Dessert is the best part of every meal… and rightly so. It’s the best way to round off a meal and enjoy the intimacy of back-slapping camaraderie. Though the word dessert figured in the Middle Ages, it’s importance as the “afters” of a main meal acquired acceptance from the 1900s.
What began as simple biscuits and cookies later turned into cupcakes and pastries and then to ice creams and fruit salads. With international borders blurring and food fusions ruling palates, the sweet serving has undergone phenomenal transformations.
Today, who would choose a cup of vanilla ice cream or a bowl of humble fruit salad as dessert? The dessert menu has expanded much and turned out to be quite confusing to choose from. With food specialties crossing the seas and invading homeland kitchens, foreign delicacies are no more alien to Gen-Now.

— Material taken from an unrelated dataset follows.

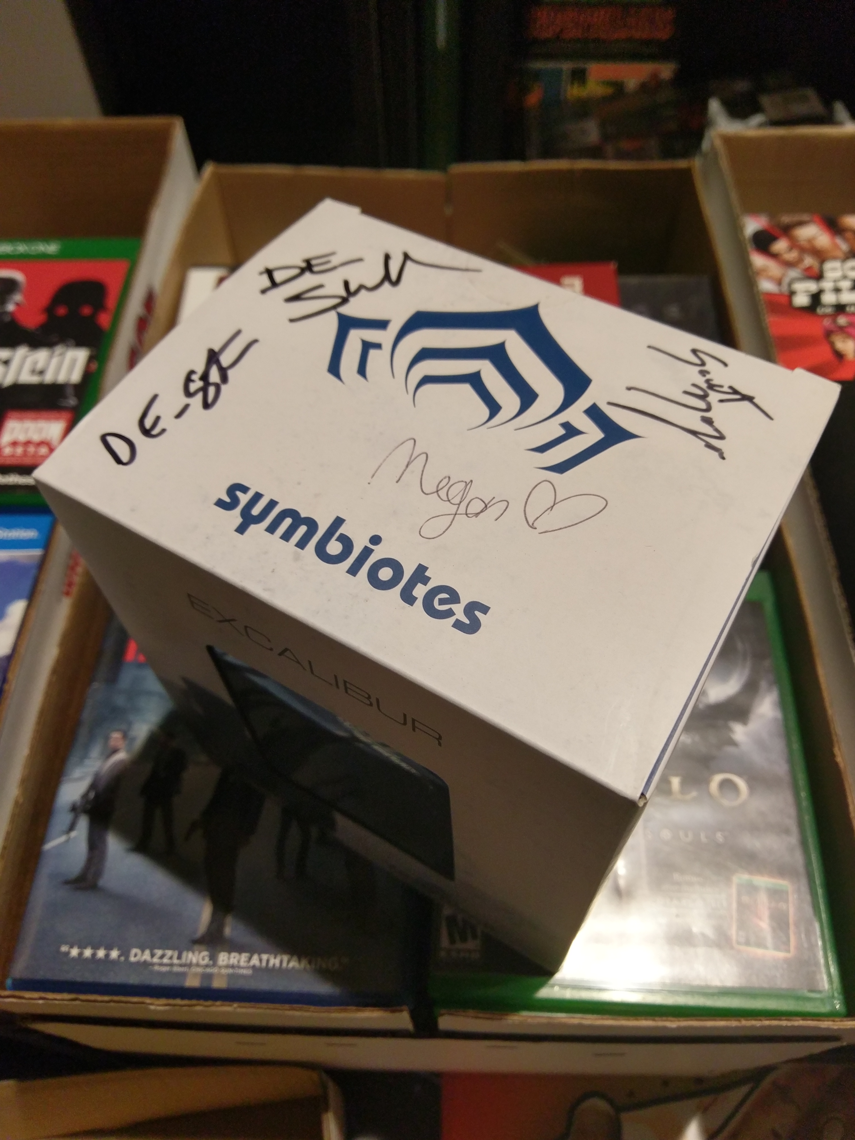 While going through my shelves I'd have to say that one of my prized possessions was from a Warframe afterparty in New York a few years back. I managed to get some of the DE devs to sign the figures they were handing out, have a few drinks, and got to talk to the Devs before having to head out, great times.

Ask them to name a few and out tumble words like tiramisu, panna cotta, pavlova, souffle, gateaux, molten lava, and an ocean of pudding names. Not enough with this, the Italian Gelato and Semifreddo have already seeped into the common lingo of Malayalis.
Tiramisu
The Italian Tiramisu is a classic among desserts. Tiramisu translates to “pick-me-up” in Italian. Mascarpone sauce, eggs and flavored sponge cake make up the main ingredients for this yummy after-meal delight.
Click here to find Tiramisu recipe
Panna cotta
Panna cotta too crossed over to India from Italy. “Panna” means cream and “Cotta”, cooking. Red sauce is Panna cotta’s traditionally served combination. The red and white of the dessert is a visual treat. Red sauce can be made from strawberry or pomegranate.